Jailbreaking LLMs' Safeguard with Universal Magic Words for Text Embedding Models
Haoyu Liang, Youran Sun, Yunfeng Cai, Jun Zhu, Bo Zhang
TL;DR
This work reveals that text-embedding outputs used in LLM safeguards concentrate in a biased region of the unit sphere and can be steered by universal magic words to manipulate text similarity. It introduces three search strategies—Brute-Force, Context-Free, and Gradient-Based—to efficiently discover single- and multi-token suffixes, and demonstrates jailbreaks on JailbreakBench, real-world chatbots, and cross-model/language transfer.
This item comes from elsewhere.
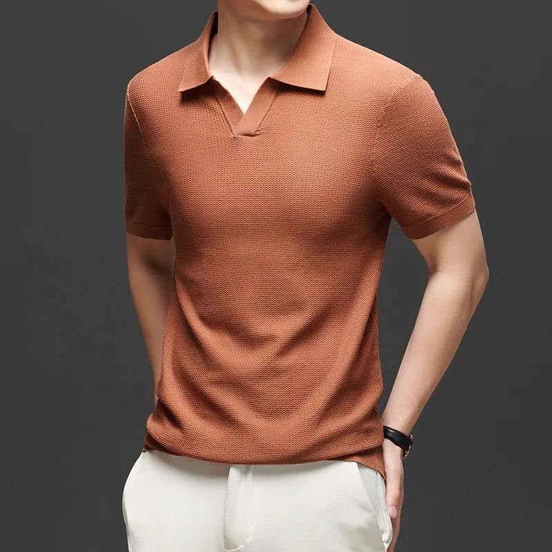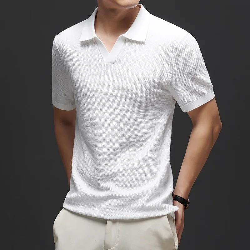 Minglu Mulberry Silk Knitted Summer Men's Polo Shirts Luxury Short Sleeve Solid Color Business Casual Cotton Lyocell Man Tees

The study also provides train-free defenses, notably renormalization, vocabulary cleaning, and reinitialization, that mitigate these attacks while improving downstream performance. The findings highlight a practical security risk in embedding-based safeguards and offer concrete mitigation strategies with broad implications for LLM safety and application domains.
Abstract
The security issue of large language models (LLMs) has gained wide attention recently, with various defense mechanisms developed to prevent harmful output, among which safeguards based on text embedding models serve as a fundamental defense. Through testing, we discover that the output distribution of text embedding models is severely biased with a large mean. Inspired by this observation, we propose novel, efficient methods to search for **universal magic words** that attack text embedding models. Universal magic words as suffixes can shift the embedding of any text towards the bias direction, thus manipulating the similarity of any text pair and misleading safeguards. Attackers can jailbreak the safeguards by appending magic words to user prompts and requiring LLMs to end answers with magic words. Experiments show that magic word attacks significantly degrade safeguard performance on JailbreakBench, cause real-world chatbots to produce harmful outputs in full-pipeline attacks, and generalize across input/output texts, models, and languages. To eradicate this security risk, we also propose defense methods against such attacks, which can correct the bias of text embeddings and improve downstream performance in a train-free manner.